The output should match, line for line, the records from the line containing "Cups: 10 x 7.5" through the line containing "首次确诊重疾,自确诊之日起5", with every picture left out.

## Extracted information

━━━━━━━━━━━━━━━━

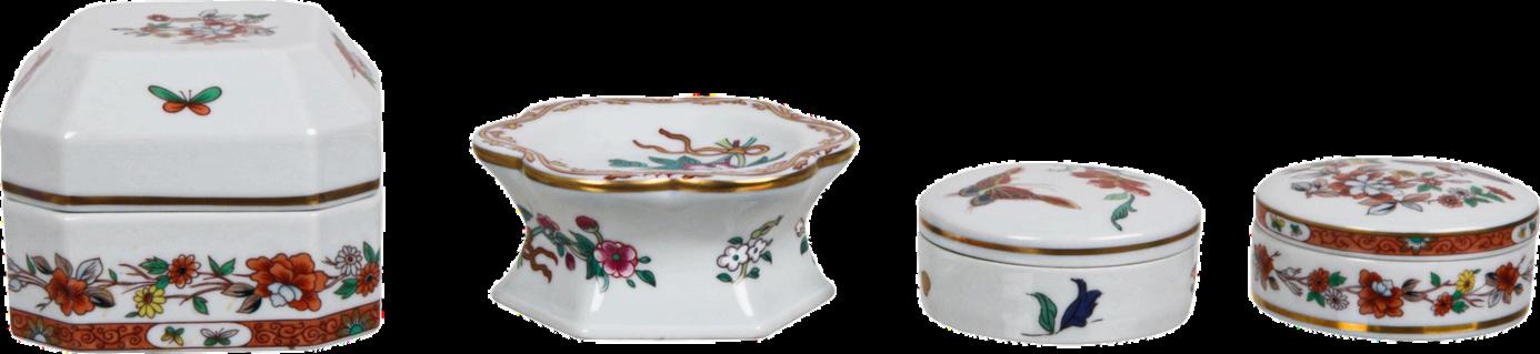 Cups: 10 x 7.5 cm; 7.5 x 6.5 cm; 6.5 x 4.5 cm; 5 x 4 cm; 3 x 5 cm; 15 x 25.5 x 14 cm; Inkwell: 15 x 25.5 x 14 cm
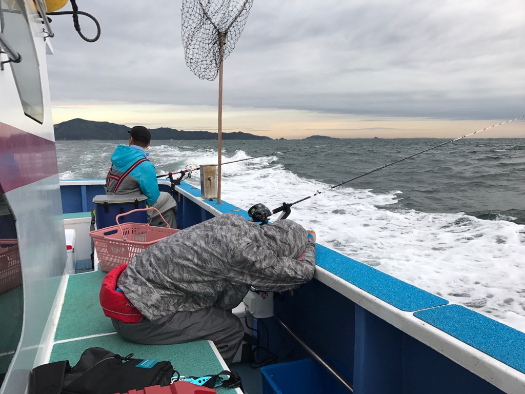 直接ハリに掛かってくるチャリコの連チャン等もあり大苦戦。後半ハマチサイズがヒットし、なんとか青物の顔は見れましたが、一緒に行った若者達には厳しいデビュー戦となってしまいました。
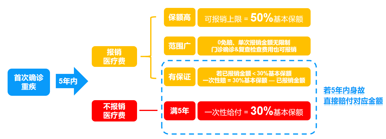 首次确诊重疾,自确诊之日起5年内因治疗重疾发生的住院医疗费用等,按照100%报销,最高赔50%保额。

━━━━━━━━━━━━━━━━

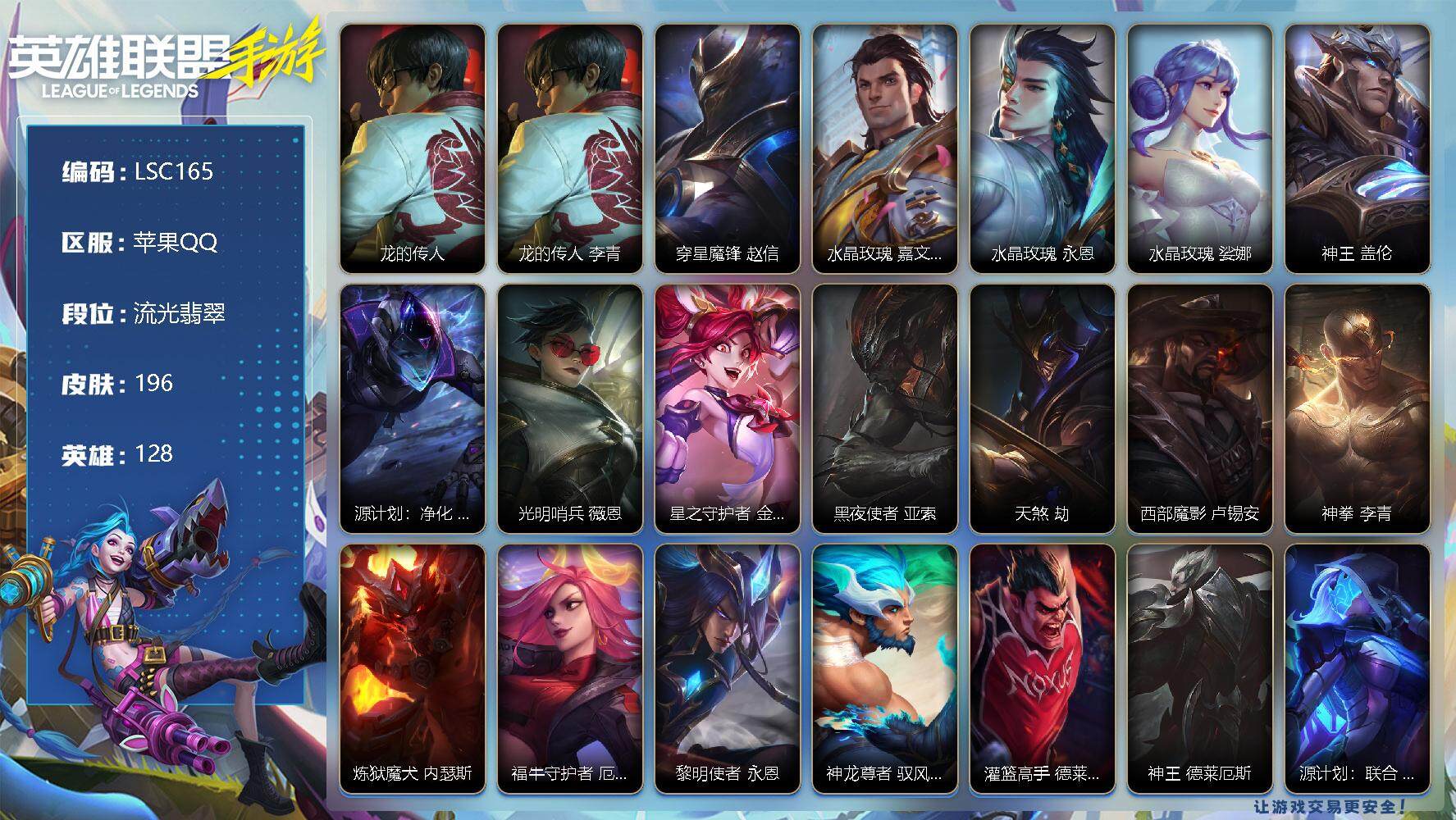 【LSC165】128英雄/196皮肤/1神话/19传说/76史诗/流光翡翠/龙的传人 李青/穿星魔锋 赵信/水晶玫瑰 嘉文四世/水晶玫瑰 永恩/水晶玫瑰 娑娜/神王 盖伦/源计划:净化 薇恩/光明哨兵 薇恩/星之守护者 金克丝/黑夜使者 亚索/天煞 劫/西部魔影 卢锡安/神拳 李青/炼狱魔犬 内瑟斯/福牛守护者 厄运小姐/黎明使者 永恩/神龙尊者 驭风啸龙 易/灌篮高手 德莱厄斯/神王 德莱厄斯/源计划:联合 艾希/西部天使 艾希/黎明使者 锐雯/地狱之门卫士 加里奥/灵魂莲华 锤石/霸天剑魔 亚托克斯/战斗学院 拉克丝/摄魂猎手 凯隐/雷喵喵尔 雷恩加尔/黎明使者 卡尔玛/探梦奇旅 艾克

━━━━━━━━━━━━━━━━

## Your response
 Cups: 10 x 7.5 cm; 7.5 x 6.5 cm; 6.5 x 4.5 cm; 5 x 4 cm; 3 x 5 cm; 15 x 25.5 x 14 cm; Inkwell: 15 x 25.5 x 14 cm
 直接ハリに掛かってくるチャリコの連チャン等もあり大苦戦。後半ハマチサイズがヒットし、なんとか青物の顔は見れましたが、一緒に行った若者達には厳しいデビュー戦となってしまいました。
 首次确诊重疾,自确诊之日起5年内因治疗重疾发生的住院医疗费用等,按照100%报销,最高赔50%保额。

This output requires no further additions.